I found these puppies yesterday, courtesy of Target. I haven’t decided what I’m going to name them yet, so if you have any suggestions feel free to comment (Note: If you submit “Foxy” or “Vixy” this blog isn’t for you).
Anyhoo, I noticed some problems with these onesie/footie pajamas, and I’d like the share them with you so you can avoid any onesie/footie pajama incidents.
1) Be Careful Eating Muffins: You never know when a rogue crumb is going to fall down your sleeve and end up trapped underneath your foot. This is why I proposed the idea of zippable feet openings for proper ventilation and trapped food release.

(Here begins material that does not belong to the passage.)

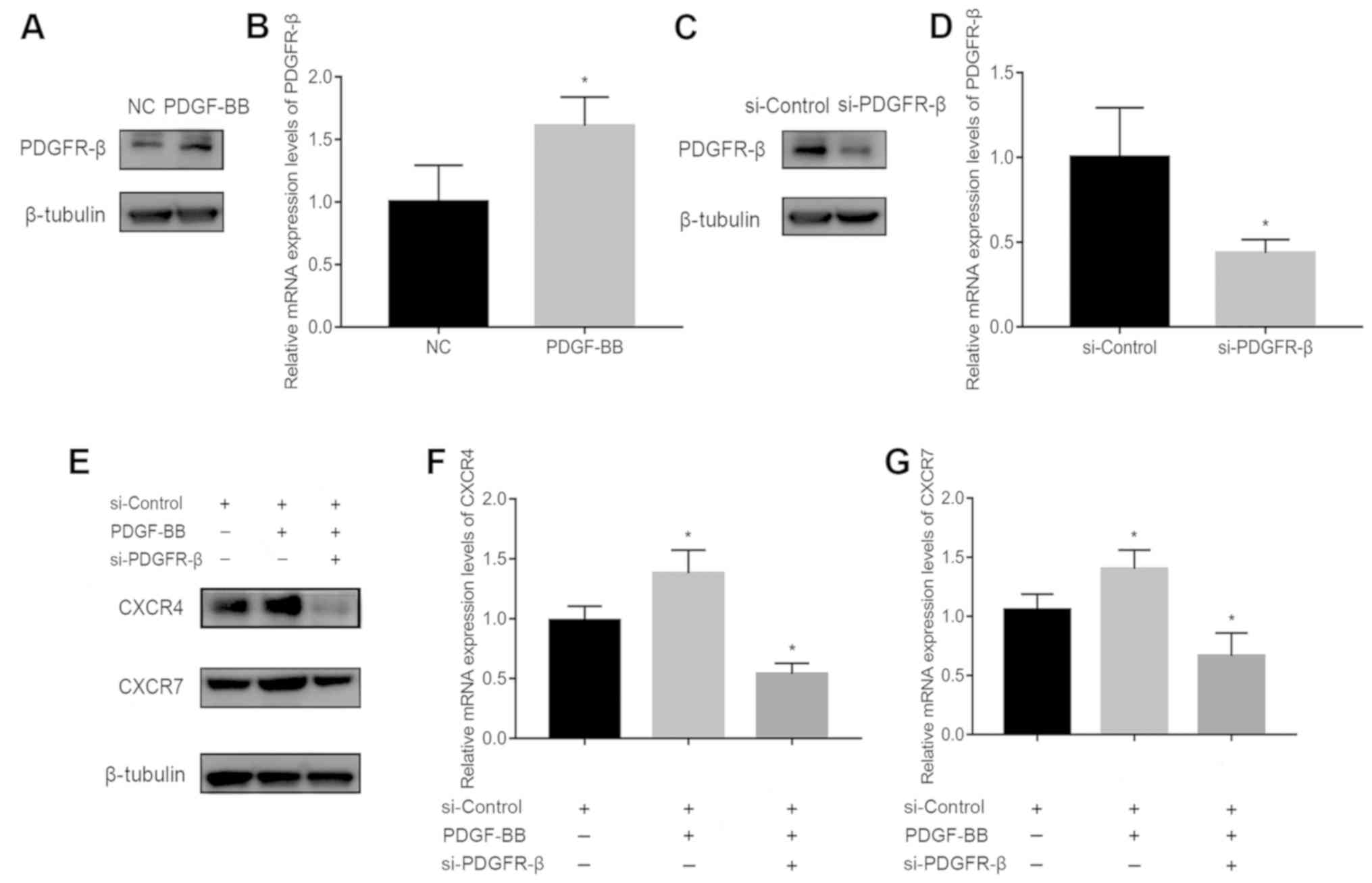 Xiang DN, Feng YF, Wang J, Zhang X, Shen JJ, Zou R and Yuan YZ: Platelet‑derived growth factor‑BB promotes proliferation and migration of retinal microvascular pericytes by up‑regulating the expression of C‑X‑C chemokine receptor types 4. Exp Ther Med 18: 4022-4030, 2019.

2) Be Careful of Toilets: If you’re like me, you choose to let nothing come between your baby skin and your fleece pajamas. This comes at a price, however. I unzipped my onesie and used the ladies room, but to my horror, my sleeve got sucked down the toilet. After much scrubbing with Dial soap and blowdrying with a 30 year old Conair, I am lead to my next tip…
3) Be Careful of the Ponch: Or as some charmers refer it to as a word that starts with “f” and rhymes with “shmoopah.” Waiting for the rest of my sleeve to dry, I tied the top half of the onesie around my wait. Footed pants should be a staple in everyone’s wardrobe but be careful ladies! It makes the mid-section a unflattering nod to the 2nd trimester.
So there you have it. Be sure to warn any of your loved ones who are thinking of purchasing a onesie/footie pajama set. (Or using the bathroom or going to the 90’s). Many blessed onesie nights to you!